In contrast, the bone platform demonstrated true positive detection across all regions. The system achieved its highest sensitivity in the lumbar vertebrae (1.000; 95% CI: 0.772–1.000), followed by the ribs/clavicles/scapulae (0.923; 95% CI: 0.667–0.986) and thoracic vertebrae/sternum (0.909; 95% CI: 0.722–0.975). Corresponding PPVs for these high-performing regions were 0.722, 0.706, and 0.909, respectively. The humeri and pelvis also showed respectable sensitivities of 0.857 and 0.727. Conversely, other regions exhibited moderate to low sensitivities, ranging from 0.231 in the cervical vertebrae to 0.500 in the femora. The average accuracy, PPV, and sensitivity across all evaluated regions for the platform were 0.876, 0.803, and 0.650, respectively.

Paired comparison using McNemar's test

The statistical comparisons of diagnostic performance between the two systems are summarized in Table 5. For overall per-examination metastasis detection, ChatGPT-4o and the BS platform showed similar diagnostic performance.

Table 5.

McNemar test performance of bone scan-positive metastatic regions.

Location	a	b	c	d	(b + c)	χ² statistic	p-value
Skull	41	0	3	8	3	0.0000	0.2500
Cervical vertebrae	37	1	4	10	5	1.0000	0.3750
Thoracic vertebrae/sternum	33	2	15	2	17	2.0000	0.0023
Ribs/clavicles/scapulae	36	5	10	1	15	5.0000	0.3018
Humeri	42	3	6	1	9	3.0000	0.5078
Lumbar vertebrae	34	5	13	0	18	5.0000	0.0963
Sacrum	32	5	10	5	15	5.0000	0.3018
Pelvis	40	2	8	2	10	2.0000	0.1094
Femora	41	1	5	5	6	1.0000	0.2188
Positive metastatic regions	13	5	63	33	68	47.7794	0.0000

a: both correct (ChatGPT-4o and BS platform agree with the reference standard); b: ChatGPT-4o correct, BS platform incorrect; c: ChatGPT-4o incorrect, BS platform correct; d: both incorrect (neither agrees with the reference standard). McNemar's test p values are calculated from the discordant pairs (b and c). ChatGPT: chat generative pre-trained transformer; BS: bone scintigraphy.

However, when the analysis was restricted to positive metastatic regions to evaluate lesion-level localization, paired comparison revealed a marked difference in performance. The BS platform was substantially more likely than ChatGPT-4o to correctly identify metastatic regions, and McNemar's test showed highly significant imbalances in discordant pairs, with p values approaching zero in lesion-level analyses (exact McNemar p = .0000000000048). These findings support that the main performance gap between the two systems lies in regional lesion localization rather than in case-level metastasis detection.

Discussion

In this study, we evaluated the performance of image interpretation for both ChatGPT-4o multimodal image analysis tool and the BS platform, together with board-certified nuclear medicine physicians’ reports as the reference standard.

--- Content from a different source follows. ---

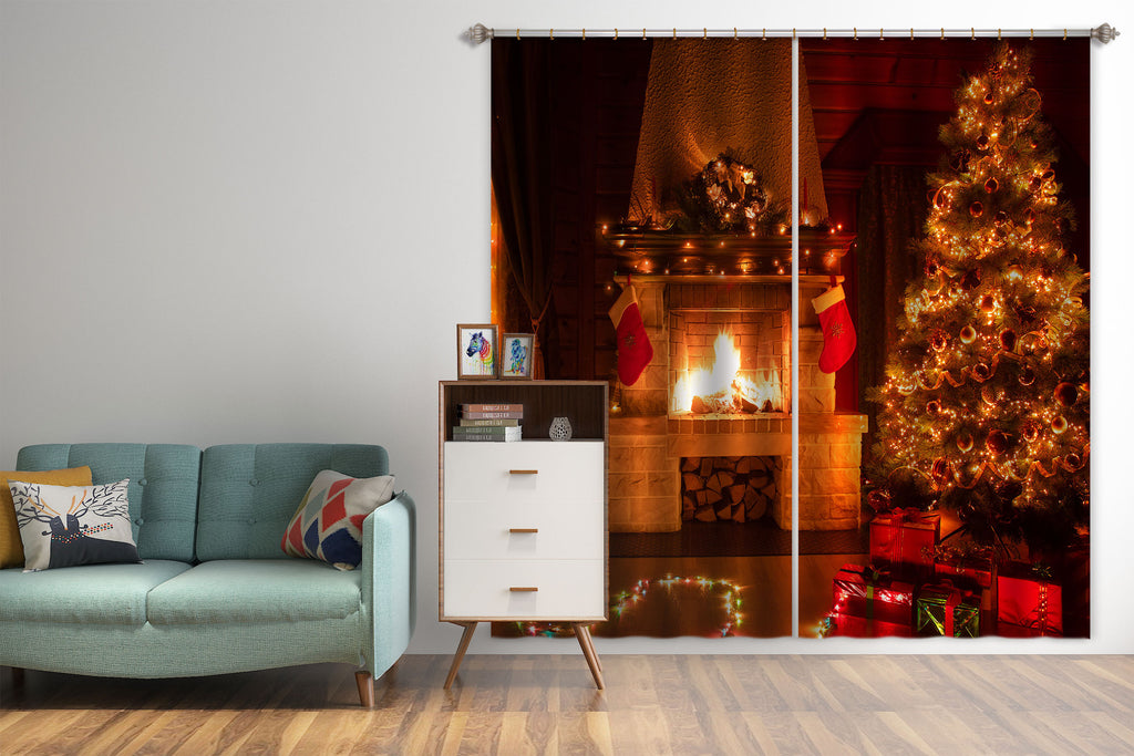 3D Fireplace Tree Sofa 52088 Christmas Curtains Drapes Xmas Sinsin

In binary classification tasks, ChatGPT-4o demonstrated good performance with an accuracy of 84.6%, which is closely paralleling to the BS platform's 82.7%. While the BS platform showed slightly higher sensitivity of 88.0% from ChatGPT-4o 84.0%, ChatGPT-4o achieved fewer false positives, resulting in higher specificity (85.1% vs. 77.8%). With both ChatGPT-4o and BS platform have sensitivity go up to over 80%, they demonstrate feasible ability of detecting possible bone metastasis in the clinical condition.

However, a significant difference was observed when it comes to regional lesion localization; ChatGPT-4o demonstrates remarkably lower sensitivity of 13.3%. Even though the average regional accuracy is 77.0%, but the regional accuracy is based on the fact that most of the findings were negative. When it comes to positive results, the PPV goes down to 32.5%. While the BS platform achieved high accuracy (87.6%) and acceptable sensitivity (64.9%) across anatomical regions, in which domain ChatGPT-4o is noted with markedly lower sensitivity (13.3%). We can say that the ChatGPT-4o model struggled to localize lesions in multiple regions such as the skull, humeri, and lumbar spine. These findings highlight a critical limitation in ChatGPT-4o current approach to interpreting localized image features and anatomical mapping. Therefore, while ChatGPT-4o shows potential in generating preliminary impressions and structured report drafts, it is not yet suitable for detailed diagnostic tasks involving region-specific interpretation without further training and anatomical adaptation.

The suboptimal lesion localization performance of ChatGPT-4o observed in this study can be attributed to two primary factors. First, a fundamental difference in training paradigms exists: unlike the specialist platform, which was supervised on a curated dataset of annotated Tc-99m MDP scans, ChatGPT-4o relies on general vision-language pretraining. Consequently, it likely lacks the domain-specific priors necessary to accurately map pathological uptake to complex skeletal anatomy. Second, the input format imposes technical limitations. The necessity of converting high-dynamic-range DICOM images into standard 8-bit JPEG format for LLM processing introduces inherent information loss. This reduction in dynamic range and resolution likely obscures subtle textural details and low-contrast lesions, thereby hindering the model's precision in localization tasks compared to systems processing native DICOM data.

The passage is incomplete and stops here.